Link hésita. Impa remarqua que ses joues étaient rouges et que ses yeux ne cessaient de papillonner dans tous les sens sans se focaliser sur quoi que ce soit. Il inspira profondément et fronça les sourcils.

- « J'ai cru que quelqu'un m'aimait. Et ce n'était pas le cas. J'ai cru que j'allais mourir une nouvelle fois. »

Impa resta bouche bée alors que Link baissa ses mains, les posant à plat sur ses genoux, essayant difficilement de chasser l'immense peine qui ravageait son visage au point de couler de ses yeux. La vieille Sheikah sauta de sa place, s'étonnant de voir le garçon si émotif et passa ses mains sur ses genoux. Il n'avait jamais versé une larme. Il n'avait jamais osé grogner, protester ou manifester la moindre de ses émotions. Toujours caché derrière ce masque impassible. N'affirmant jamais ses sentiments. Ni ne les affichant. Et là… là, il pleurait.

- Tu as eu le temps de t'attacher à quelqu'un ? murmura Impa.

Le sourire de Link à ce moment fût d'une profonde tendresse et d'une infinie tristesse. Par Hylia, il ressemblait enfin au jeune homme qu'il aurait dû être !

- « C'est… un Piaf et il est… »

- Si tu n'arrives pas à me dire les choses, ne force pas. Surtout si c'est douloureux.

Le jeune homme laissa sa tête tomber sur l'épaule d'Impa et devant cette fragilité émotionnelle et cette faiblesse qu'elle ne lui avait jamais connue, elle s'avoua pour la première fois de son existence dépassée par les évènements. Elle avait géré le Fléau, sa stase longue de cent ans, la reconstruction sommaire d'une Hyrule ravagée. Et la vieille femme pourtant expérimentée ne savait pas comment gérer ce qui avait longtemps été un soldat parfait.

Elle le consola du mieux qu'elle put, le laissant exprimer tout ce qu'il avait gardé pour lui, comprenant qu'à lui comme sa pauvre Zelda, tout leur avait été volé : leur enfance, leur insouciance, toute la candeur de l'enfance. Par chance, la princesse avait trouvé un substitut dans l'étude qu'elle avait fait sur les ruines antiques. Mais Link ? Elle soupira faiblement : quelles avaient été leurs erreurs ? Le Roi comme elle-même n'avait-il pas oublié quelque chose dans cette histoire ?

Quand il fût un peu apaisé, elle appela sa petite-fille et lui demanda de préparer un lit pour son invité de ce soir. Chose que Paya s'empressa de faire, installant un lit à même le sol dans la pièce principale. Elle s'occupa de tout pour que Link ne manque de rien. Ce dernier mangea ce qu'elle lui avait apporté sans vraiment discuter. Paya remarqua ses yeux bouffis et sa mine décomposée. Elle l'observa probablement trop longtemps car il remarqua son étude silencieuse et se détourna immédiatement, soustrayant son visage à sa vue.
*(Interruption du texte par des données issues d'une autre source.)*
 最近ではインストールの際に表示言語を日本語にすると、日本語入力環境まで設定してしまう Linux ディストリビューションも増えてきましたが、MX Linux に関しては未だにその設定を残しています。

La pauvre Paya bégaya, confuse et gênée alors qu'elle récupéra le plateau et qu'elle sortit de la maison en tout hâte.

Quand la nuit vint, Paya alla se coucher non sans jeter un petit coup d'œil vers la forme dans le lit improvisé. Sa grand-mère était au chevet de Link. Cela l'inquiéta un peu : est-ce que Link était malade ou avait un souci de santé ? Elle n'en sut rien et alla dans sa chambre, remplie d'angoisse et d'inquiétude. Impa l'avait remarquée mais elle préféra rester auprès du Héros pour le moment. Ce dernier semblait fuir le sommeil. Ses phases d'assoupissement étaient brèves avant qu'il ne se réveille en sursaut, totalement paniqué. Pour somnoler quelques minutes, s'endormir. Et rouvrir les yeux moins d'une heure après.
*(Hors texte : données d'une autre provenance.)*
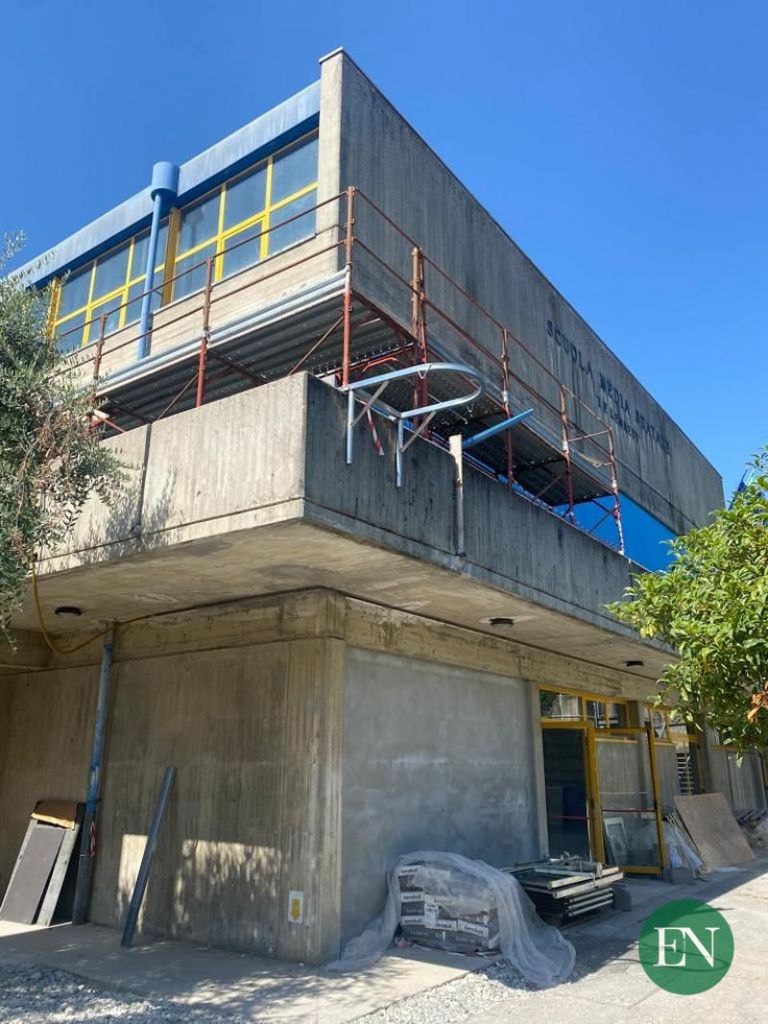 “Il cantiere – spiega il geometra Antonio Silvestro di Si.ge.co Costruzioni Srl, l’impresa che sta eseguendo i lavori – è cominciato con i lavori di adeguamento strutturale, quindi il rinforzo di pilastri e travi e poi della sottostruttura. Internamente abbiamo svolto anche lavori di messa in sicurezza delle scale, l’innalzamento dei parapetti. Stiamo ultimando tutte le opere interne, infissi e imbiacamento finale, per consegnare agli studenti prossimi al rientro a scuola un edificio completamente ristrutturato, funzionale ed ecologico”.

Chaque fois Impa passait une main sur son front pour l'apaiser, s'étonnant de son très mauvais sommeil. Elle décida de lui faire un remède maison pour soulager ses troubles et quand Link se réveilla pour la énième fois, elle lui servit une infusion. A sa grande surprise, cette dernière n'eut aucun effet alors qu'elle aurait couché le plus solide des Zoras. Cela fit dormir Link tout juste une heure, avant qu'il ne se réveille totalement délirant en pleine crise de larmes. Elle prit sa main dans la sienne pour le rassurer.

Mais Link articula un seul prénom. Qu'Impa eut le temps de voir. Et elle fronça les sourcils : ce n'était pas… ? Elle inspira calmement et mit cela de côté, s'occupant de Link, l'aidant à se rendormir avant d'aller réveiller sa petite fille au petit matin. Paya fût assez surprise de trouver sa grand-mère sur le pas de sa porte mais elle se leva immédiatement et s'approcha.
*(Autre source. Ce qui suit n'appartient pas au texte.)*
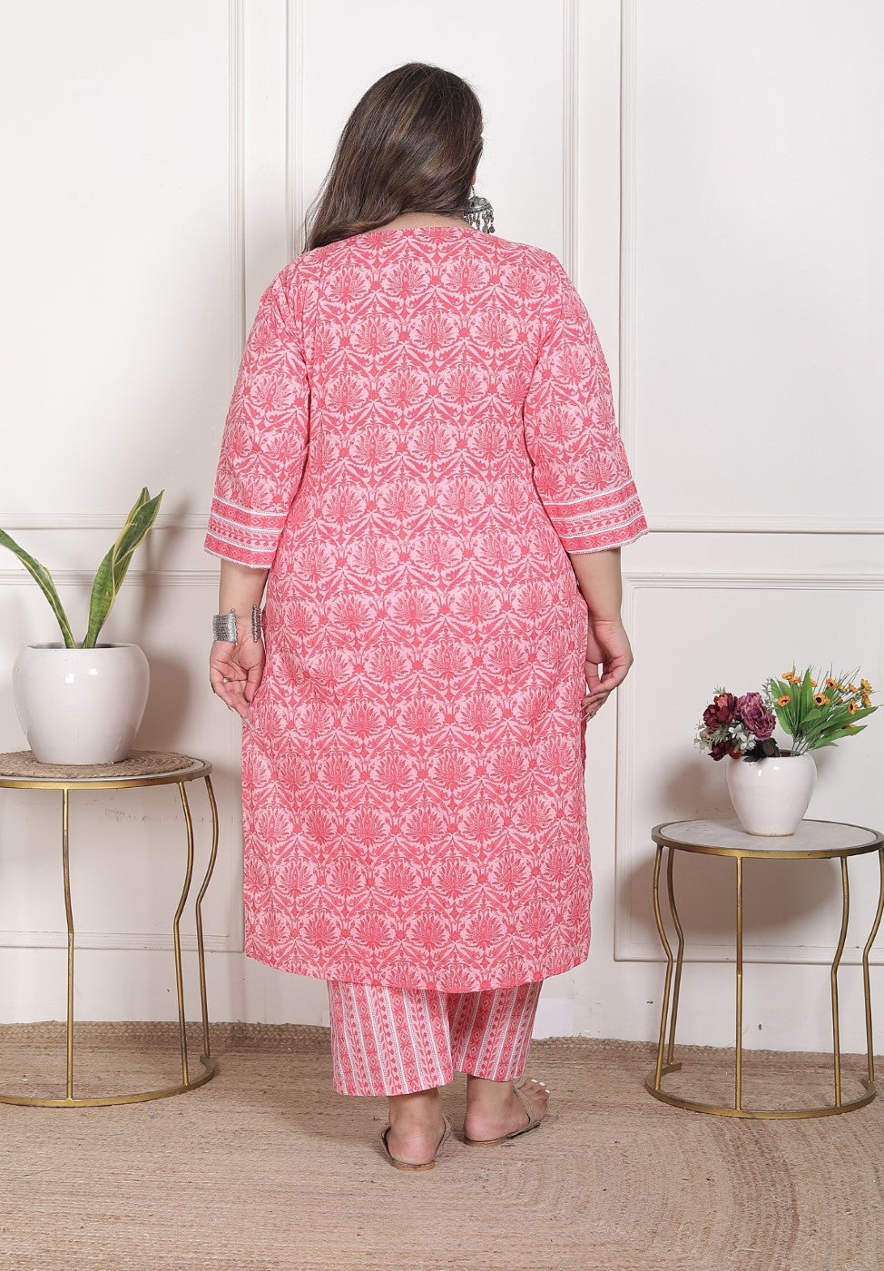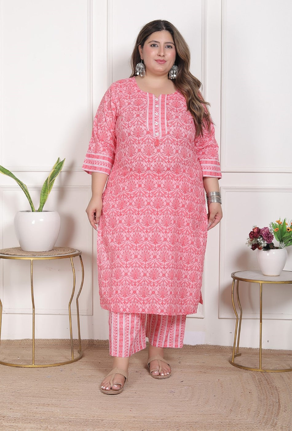 Plus Size Peach Cotton Printed Kurta Pant Set with Dupatta

- Va au village et trouve un guerrier qui peut voyager. Donne-lui cette lettre et veille à ce que personne d'autre que lui ne la lise.

- Un souci ? demanda Paya, inquiète.

- Il est temporaire. Quand j'aurais mis la main sur ce dont j'ai besoin, cela n'en sera plus un.

- C… comment va maître Link ?

- J'ignore si c'est son long sommeil ou bien l'influence du Fléau mais il ne dort plus. Ou très mal. Ce qui implique qu'il ne guérira pas correctement des blessures qu'il reçoit. Je vais trouver une solution. Si tu veux bien t'occuper du repas une fois ta mission terminée, je suis certaine qu'il appréciera un copieux petit déjeuner !

Paya irradia de joie et se mit immédiatement en chemin après s'être débarbouillée, coiffée et habillée pour sortir. En voyant l'état du lit où le Héros dormait, elle sut qu'en effet, sa nuit avait été difficile. Et en trouvant du nécessaire à thé ainsi que du matériel pour fabriquer un remède, elle ne tarda pas à réaliser que sa grand-mère l'avait veillé toute la nuit. Elle se pressa pour trouver la personne à qui elle devait remettre la lettre. Le Sheikah en question se retrouva fortement dépourvu de la requête de Dame Impa elle-même mais ne chercha pas à questionner Paya à ce sujet. Il la rassura et indiqua qu'il serait de retour prochainement. Avant de s'en aller sans s'expliquer.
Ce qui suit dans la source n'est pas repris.